Согласно этому подходу, экономическая история была источником наблюдений, на основе которых могли бы быть разработаны частные законы экономического движения. С этой точки зрения изучение экономической истории представлялось крайне полезным. Для теорий такого типа всюду найдется место, поскольку в определенных условиях и на протяжении некоторых промежутков времени их предпосылки достаточно близко соответствуют эмпирической реальности. Но не всегда. Безусловно, есть все основания полагать, что верно как раз обратное, особенно в том, что касается долгосрочных демографических изменений, изменений в состоянии технологических знаний, в институциональной инфраструктуре, в предпочтениях, привычках, образе жизни, свойственных определенному культурному укладу. Несомненно, на этом как раз и строится экономическая история и основываются силы, формирующие развитие и долговременный рост экономик. В этом контексте особенно полезной представляется дальнейшая разработка этих теорий на основе такой базовой концепции, как динамика, зависящая от пути развития [2].
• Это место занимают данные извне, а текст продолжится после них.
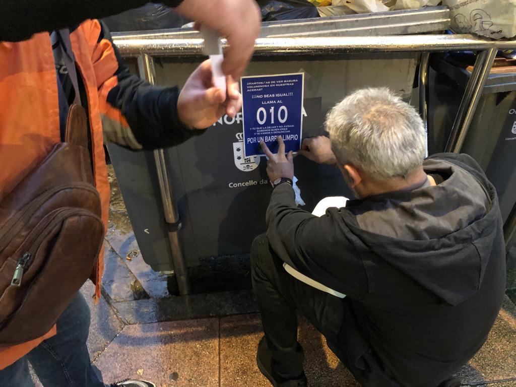 Desde esta semana en los contenedores de la zona están colocados carteles en los que se puede leer: "¿Hartos de ver basura voluminosa en nuestras aceras? No seas igual, llama al 010". En otra parte de la cartelería se indica: "Y tú que la dejas y no avisas, sabemos quien eres y te vamos a denunciar. Por un barrio limpio".

В последнее время исследователи подчеркивают осознанное и неосознанное влияние различных традиционных образцов на поведение современных россиян, которое получило название «зависимость от тропы» - («path dependency»): институциональной, ценностно-нормативной и пр.
Как считает А.Б. Гофман, с учетом относительной длительности и силы влияния советского строя эта «тропа» в нынешней России намного глубже и длиннее, чем в иных посткоммунистических странах. Отсюда и более высокая степень зависимости от нее, и более серьезные трудности в ее преодолении. По существу налицо не только «зависимость от тропы», но и от того, что можно именовать «зависимостью от выбора тропы» («path choice dependency»). Такой выбор носит неизбежный характер с учетом, что «тропа» не одна и от этого выбора прошлого зависит настоящее и будущее России [5].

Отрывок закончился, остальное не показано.